AIM OF THE EXERCISE
Using the listing below, retype only the lines from the line with "區(qū)內(nèi)企事業" through the end, both ends included, and exclude the pictures.

DATA EXTRACT

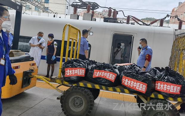 下午 2 点,水城区卫生健康局、市中医医院将熬制打包好的 2001 袋中医药防治汤剂送到六盘水高铁站内并交付给 D2848 次高铁工作人员,请他们帮忙运输至贵阳北站,转交到贵阳市卫生健康局中医处工作人员手中。列车于 15:16 发车,16:48 到达贵阳北站。一袋袋精心熬制的中药汤剂不仅仅是一份防护,它更是承载着水城人民的爱心与温暖。
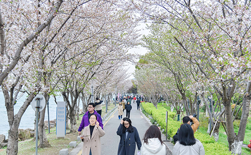 區(qū)內(nèi)企事業(yè)單位職工和周邊市民齊聚在獨(dú)墅湖櫻花大道,共同解鎖這場櫻花下的奇趣之旅。
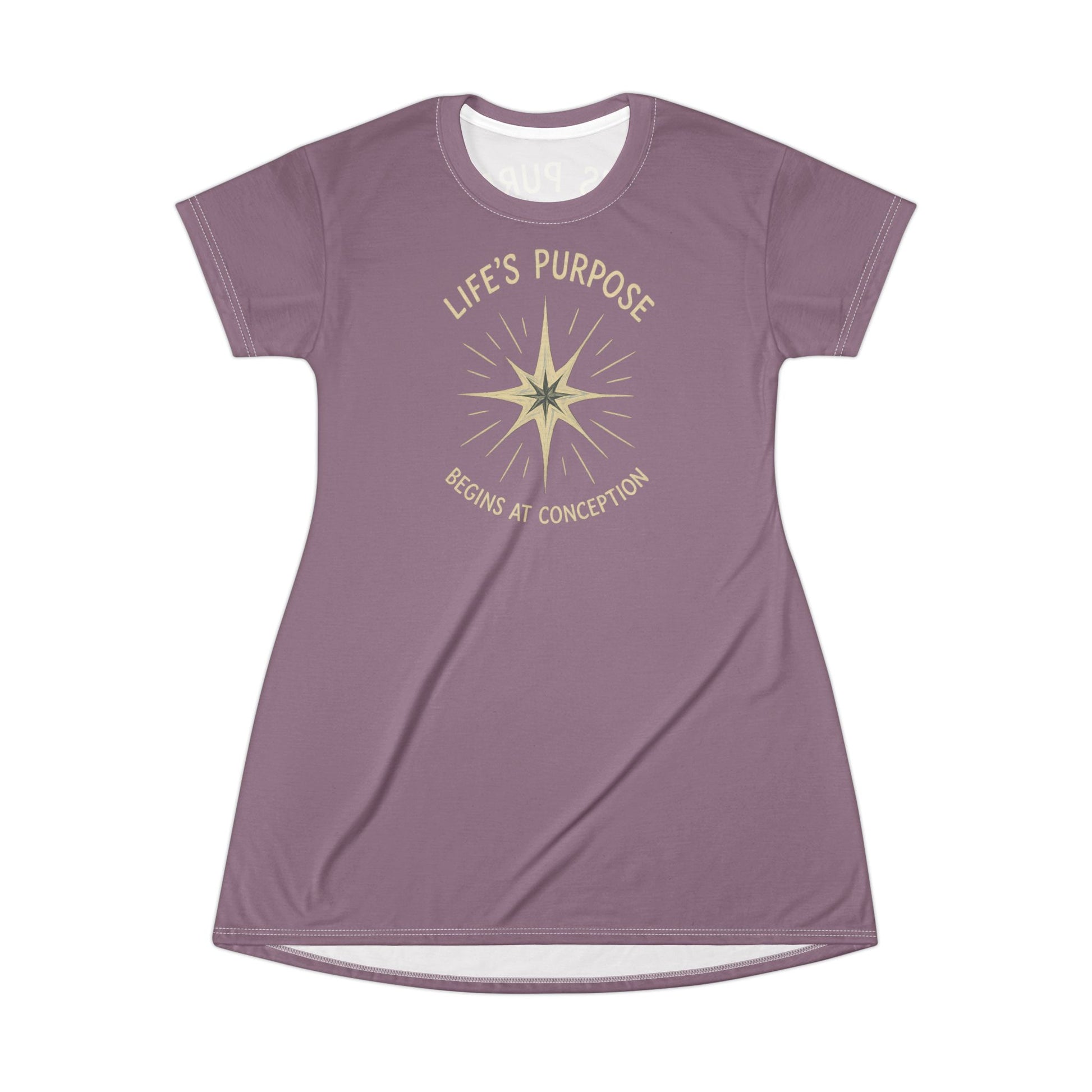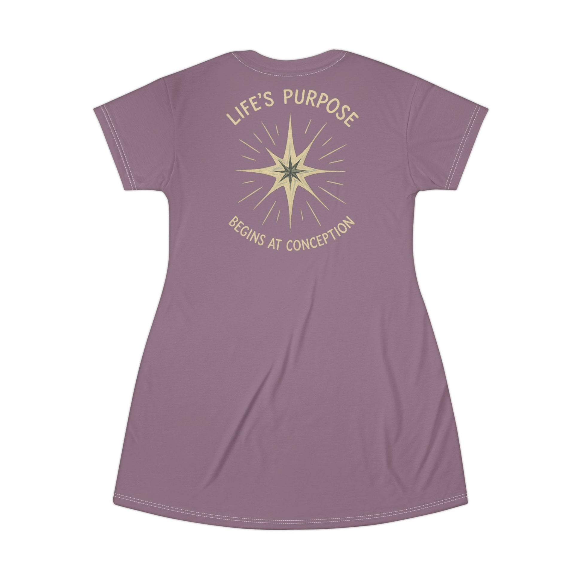 "Life's Purpose Begins at Conception #02", T-Shirt Dress (Mountbatten Mauve)

SOLUTION FOR THIS EXERCISE
 區(qū)內(nèi)企事業(yè)單位職工和周邊市民齊聚在獨(dú)墅湖櫻花大道,共同解鎖這場櫻花下的奇趣之旅。
 "Life's Purpose Begins at Conception #02", T-Shirt Dress (Mountbatten Mauve)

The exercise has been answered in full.